Майор Иванов вызвал к перекладине Витьку, тот завис, легко с маха поднялся над перекладиной и мягко соскочил.
Санька взглянул на ребят: никто не восхитился легко выполненным упражнением. Просто все его делали, кто лучше, кто хуже. Только у Саньки да ещё, может, у Толи Декабрёва оно не получалось. Удивляет, наверно, то, что не умеешь, а что можешь ты, но не может другой, раздражает. Все казались сейчас какими-то одинаковыми. У каждого голубая майка, заправленная в синие, до колен трусы. Под чёрными кожаными тапочками с негнущимися подошвами морщинились синие хлопчатобумажные носки.
«Сейчас мне выходить из строя», — подумал Санька, осторожно подобрался, приготовился, но преподаватель посмотрел на часы:
— Всё, вам пора. Так, Соболев, не забудь, о чём я сказал. Мысленно тренируйся и верь, всё получится.
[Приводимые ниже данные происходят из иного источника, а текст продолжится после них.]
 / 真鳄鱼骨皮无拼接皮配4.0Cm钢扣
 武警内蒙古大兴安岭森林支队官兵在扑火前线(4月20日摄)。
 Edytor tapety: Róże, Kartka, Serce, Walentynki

За спиной опять потянулся липкий, противный шепоток:
— Вот жаба! Вечно ему поблажки. На перекладину не лез, через козлика — мысленно тренируйся.
— А тебе-то что? – отвечал ему резкий Витькин голос.
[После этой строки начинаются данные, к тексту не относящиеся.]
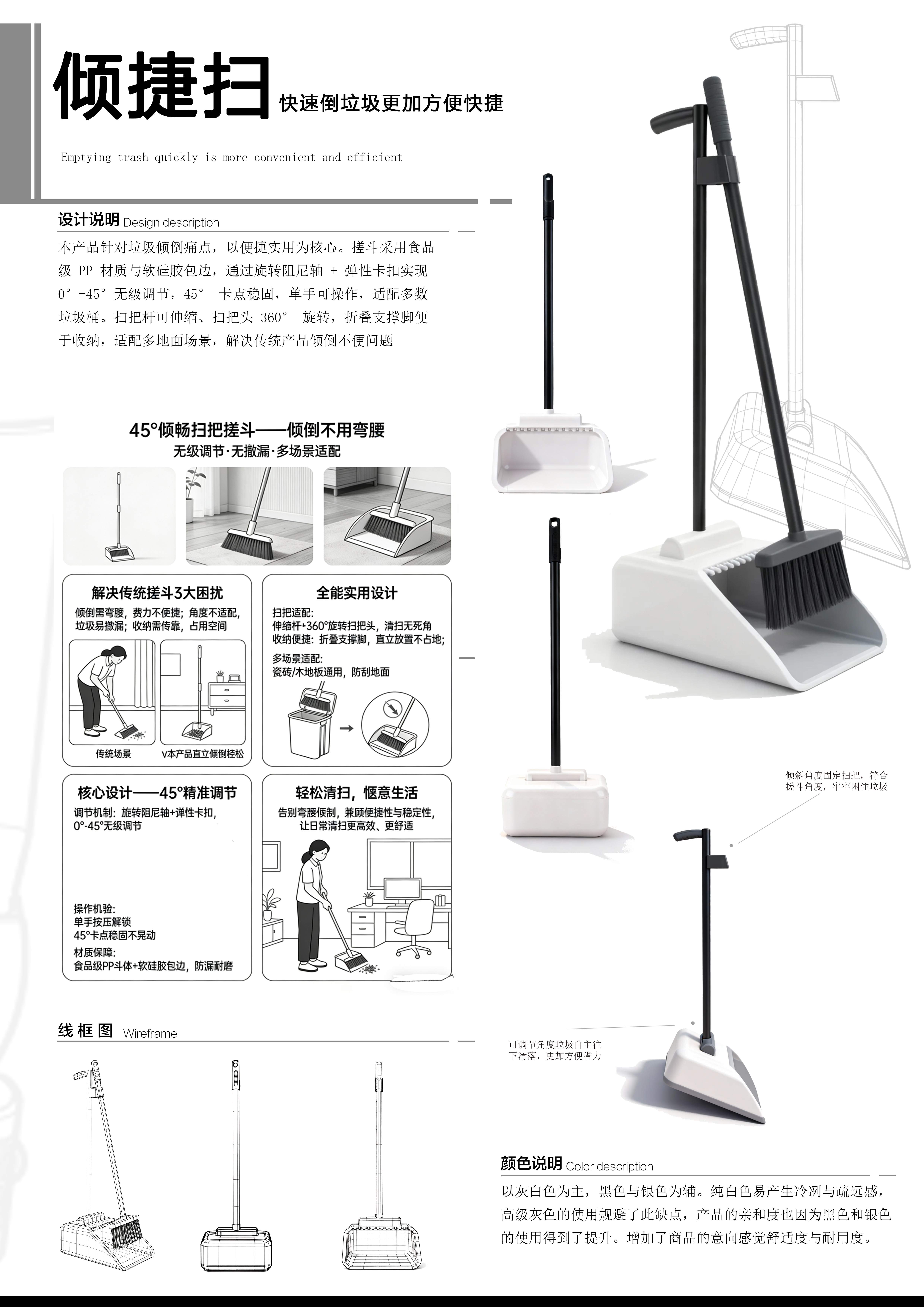 本產品聚焦垃圾傾倒不便的核心痛點,以 “精準調節、便捷實用” 為設計核心。搓斗采用食品級 PP 材質與軟硅膠包邊,搭配旋轉阻尼軸 + 彈性卡扣調節機構,支持 0°-45° 無級調節,45° 卡點定位穩固,單手即可完成傾斜操作,適配多數垃圾桶高度,傾倒無撒漏。掃把桿可伸縮、掃把頭 360° 旋轉,搓斗底部折疊支撐腳方便直立收納。整體符合人體工學,兼顧瓷磚、木地板等多場景使用,既解決傳統搓斗傾倒彎腰、殘留的問題,又保持日常清掃的實用性與穩定性。

Шёпот огрызался, извивался, но смысл его слов разобрать было нельзя, потому что он потонул в общем говоре суворовцев, торопившихся в раздевалку.
Саньке казалось, что идущие за спиной шепчутся, осуждают, язвят, и он заставил себя оглянуться: никто даже не смотрел в его сторону.
Только что он представлял, что все взгляды обращены к нему, что его осуждают, готовят недоброе, но стоило оглянуться, и всё исчезло, рассеялось… Все торопились в раздевалку скорее натянуть на себя толстое тёплое ненавистное бельё, гимнастёрку, брюки, сапоги. И он тоже заспешил.
«Скорее одеться, чтобы не опоздать в строй и снова не услышать обидных окриков».
Суетливо натягивая на себя одежду, он путался, злился, пока не застегнул ремень и не принялся разглаживать складки растолстевшей за счёт зимнего белья формы.
К зимнему нижнему белью питали вражду все суворовцы. Форма от него становилась мешковатой, а её голубой пух намертво цеплялся к чёрному сукну и не вычищался жёсткой щёткой, не отглаживался тяжёлым утюгом через намыленную тряпку. Ненавистное бельё старались не надевать. Прятали под матрасами и в тумбочках.
В строй Санька не опоздал и даже успел отдышаться, осмотреться и ещё раз заправиться. На этот раз последним, не торопясь, шёл самый сильный во взводе Лёшка Дмитриев. Суворовцы стояли и ждали, а Серёга Яковлев, улыбаясь, громко шутил:
— Ну, Лёшик, молодец, не торопится, ничего не боится. А чё, подождём, время-то есть. Успеем.
Саньке стало смешно, он улыбнулся перемене интонации в Серёгином голосе. «Для меня и для Толи Декабрёва – жаба, для Лёшки – Лёшик-молодец».
«А может верно, жаба, — опять вспомнил вчерашнее Санька, — Витька идёт и не подозревает, что его письмо вчера сгорело. Но можно ли было отправлять такое письмо человеку, которого обидели? А может Серёга прав? Я жаба, размазня и ничего не могу решить твёрдо».
Строевой смотр
Два толстых утюга, как маневровые паровозики, медленно двигались то в одну, то в другую сторону по жёлтой в подпалинах тряпке. Пар с шипением вылетал из-под них и тут же исчезал, оставляя в воздухе запах палёной шерсти. Двое суворовцев, не доверяя тяжести чугунных утюгов, залезли на столы и вдавливали их в брюки двумя руками. От этого столы тяжело стонали, а скрепляющие их сухарики жалобно повизгивали. Рядом на стульях тосковали очередные, мечтавшие скорее, по-кавалерийски, оседлать пыхтящие паровозики. Ещё двое суворовцев стояли, повесив брюки на руки. Больше в бытовке никого не было, но длиннющий хвост незримой очереди жил своей независимой жизнью, и если бы он неожиданно подтянулся к бытовке, то захлестнул бы весь коридор. Завтра должен был состояться строевой смотр.